To reach those currently excluded by health systems, we can center our work on the needs and preferences of the most vulnerable and marginalized communities. This includes considering race, economic status, gender, climate vulnerability and other characteristics in the co-design and delivery of health services to ensure that services are consistent and responsive to the specific needs of the community and that those who receive services are also invested in their success.
The Malawi Ministry of Health has already started integrating responsive PHC into its Health Sector Strategic Plan III (HSSP3 2023 – 2030) through the innovative “ONE Plan, ONE Budget, ONE M&E” approach. By aligning national development priorities to achieve maximum impact for all Malawians, the government focuses on holistically integrating quality people-centered services that consider each individual’s needs.
Using technology and innovation to open up new pathways to quality health care for under-reached communities is important. We have great examples of how mobile health technologies and supply chain innovations can be used to provide remote consultations, support community health workers and get essential medicines quickly to where they are required.
But ultimately, it comes down to us. All of us. It is important to coordinate efforts across different sectors, including working with education systems to ensure that children are vaccinated and have access to school health services, for instance. Governments, donors, and civil society organizations are crucial in achieving responsive PHC.
Leadership cannot be substituted
The consensus in the room was clear: this week, we’d like governments to commit boldly to investing in responsive PHC systems. They must also work together to address the root causes of health inequities, such as poverty, gender inequality, and climate change.
Donors must provide financial and technical support to governments and civil society organizations working to strengthen PHC systems. They also need to advocate for policies that promote responsive PHC.
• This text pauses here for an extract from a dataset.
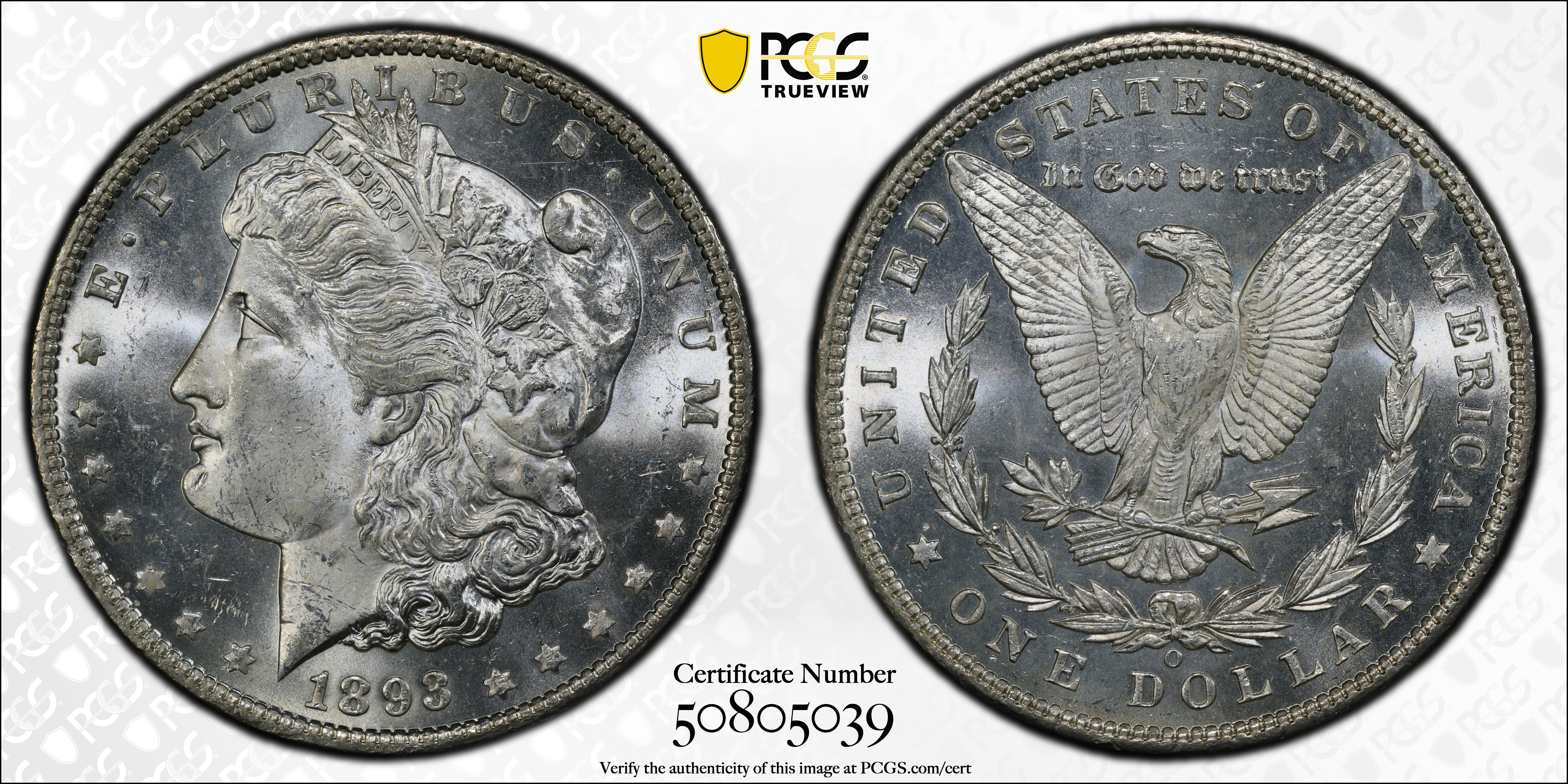 1893-O $1 MS64 Certification #50805039, PCGS #7224

Civil society organizations need to work with governments and donors to ensure that PHC systems are responsive to the needs of communities. They also need to hold governments accountable for the commitments they make.
As noted by Mr. Maphosa, “Sustained leadership intent cannot be substituted. We need leaders who have a sustained effort and focus on health, not only when they are afraid [of an extreme weather event or pandemic]. We must act, every day, as if we are afraid.”
Let’s make it a reality
Responsive PHC is essential for accelerating progress towards SDG 3, which calls for good health and well-being for all. It is the foundation for a healthy society.
As we concluded the roundtable, I was struck by the words of Dr. Moeti and the Hon. Minister Chiponda. Dr. Moeti reminded us, “Collective action is essential to achieving our ambitions. We must find language to inspire and empower others to join us.” Minister Chiponda outlined the challenge ahead, “This is the critical moment to recommit to SDG 3. Let’s close the gap and make a difference in the lives of everyone.”
The will to make positive change as a partnership was evident, and I am looking forward to the days, weeks and months ahead – including the forthcoming International Conference on Public Health in Africa in November, as I work alongside government and partners as a track lead for “Whole-of-society the Power of Engaging Civil Society, the Private Sector and Local Philanthropy.” We are putting a stake in the ground: responsive PHC can be the key to a healthier and more equitable world. Let’s build momentum together to make it a reality for all.